# Exercise requirements
Would you repeat word for word the lines of the listing that follows, from the one with "创新创业学院专职副院长周斌为四组创业导师颁发聘书" up to and including the one with "艾斯蒂尔:4-4链无回路限制", and leave out the images?

# Records for the exercise
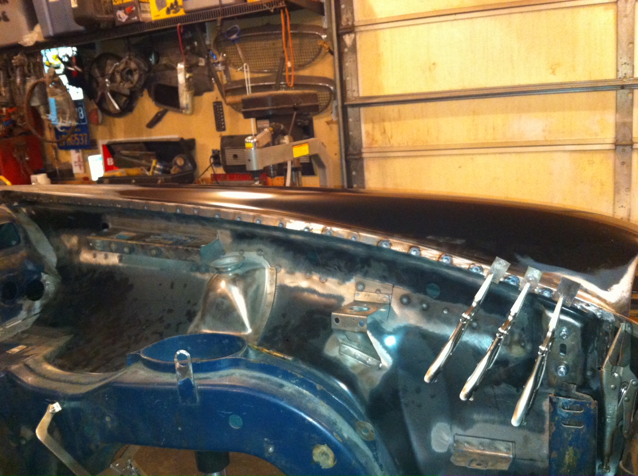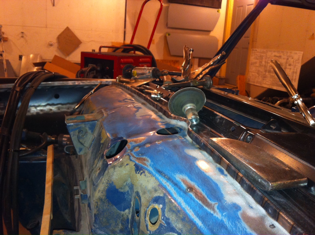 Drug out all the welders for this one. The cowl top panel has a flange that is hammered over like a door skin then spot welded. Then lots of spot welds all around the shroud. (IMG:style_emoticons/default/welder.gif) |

---

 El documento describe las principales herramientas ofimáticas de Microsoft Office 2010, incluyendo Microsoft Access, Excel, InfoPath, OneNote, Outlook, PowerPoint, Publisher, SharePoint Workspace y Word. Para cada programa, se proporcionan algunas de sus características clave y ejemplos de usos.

==

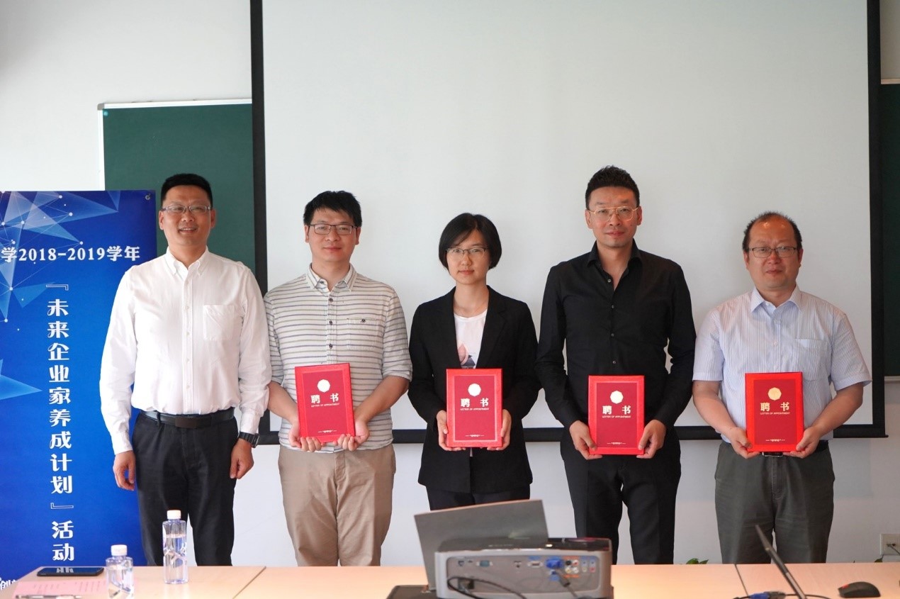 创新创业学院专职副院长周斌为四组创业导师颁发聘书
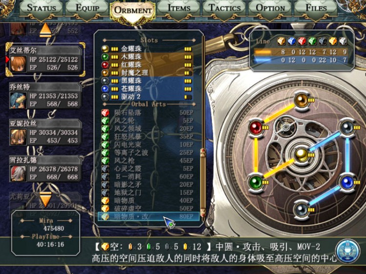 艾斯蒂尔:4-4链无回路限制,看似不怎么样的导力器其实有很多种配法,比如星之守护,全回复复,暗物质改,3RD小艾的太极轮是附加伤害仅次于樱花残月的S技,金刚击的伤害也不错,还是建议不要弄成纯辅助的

# Reply to the task
 创新创业学院专职副院长周斌为四组创业导师颁发聘书
 艾斯蒂尔:4-4链无回路限制,看似不怎么样的导力器其实有很多种配法,比如星之守护,全回复复,暗物质改,3RD小艾的太极轮是附加伤害仅次于樱花残月的S技,金刚击的伤害也不错,还是建议不要弄成纯辅助的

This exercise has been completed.